The Brood tracks Lisa Yuskavage’s development from her emergence in the early 1990s to the present, by focusing on major works in three related painting formats: diptychs, triptychs, and polyptychs. The first two formats are common in the history of art and used conventionally in the context of this exhibition, referring respectively to paintings in two and three parts. The third category, also conventional in art historical parlance, is used somewhat differently here, referring not to a scene presented across several panels, but to a single panel portraying multiple figures. These formal structures have not been a constant in Yuskavage’s career, but emerge periodically. Often, the artist’s most challenging and significant works occur in these formats. As a result, this exhibition is not so much a comprehensive survey of Yuskavage’s career but a story of notable apexes of creativity that together advance an account of her development and identity as a painter.
In addition to redefining Yuskavage’s work in the context of the broader social and cultural narrative of the visual arts, the catalogue and exhibition will deal explicitly with power and class, both abiding interests for the artist, and topics not emphasized in the existing literature. As Yuskavage herself observes, feminism means something very different to people who emerge from the working class and without the benefit of a college education. Progressive ideologies, academic feminism included, claim to speak for the oppressed, but those same ideologies are more often than not written for the masses by the highly educated upper middle class. Yuskavage, one of the first in her family to attend college, espouses through her work a practical, feminist set of principles that will be dramatized by the paintings assembled in The Brood.

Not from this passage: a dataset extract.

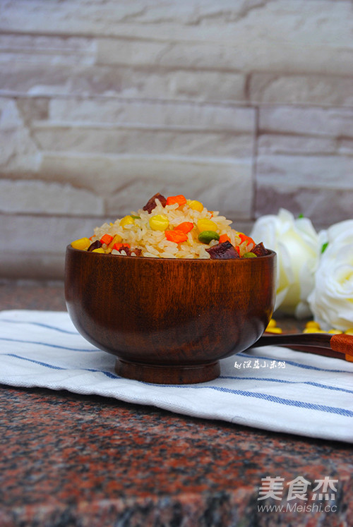 5.毛豆、玉米、紅蘿卜丁、風(fēng)干臘腸丁,一股腦兒倒入鍋里,翻炒2分鐘左右。

Drawing liberally on the grotesque, crudity, vulgarity, and off-color humor, Yuskavage’s way of painting, and the subjects she paints, compel people to think honestly about their own personal biases, mores, appetites and dislikes, and to engage in conversation with her bracing works. A carnivalesque celebration of painting and its enduring capacity to rub up against the world, this exhibition will shift the viewer’s understanding of Yuskavage’s art as well as the social worlds to which her paintings so uncomfortably relate.
The presentation of The Brood represents an extraordinary opportunity to engage a broad and diverse constituency of students, scholars and the general public. Yuskavage will have a brief residency at the Rose, supported by the Warhol Foundation, during which time she will mentor young artists and speak in a range of forums about her work.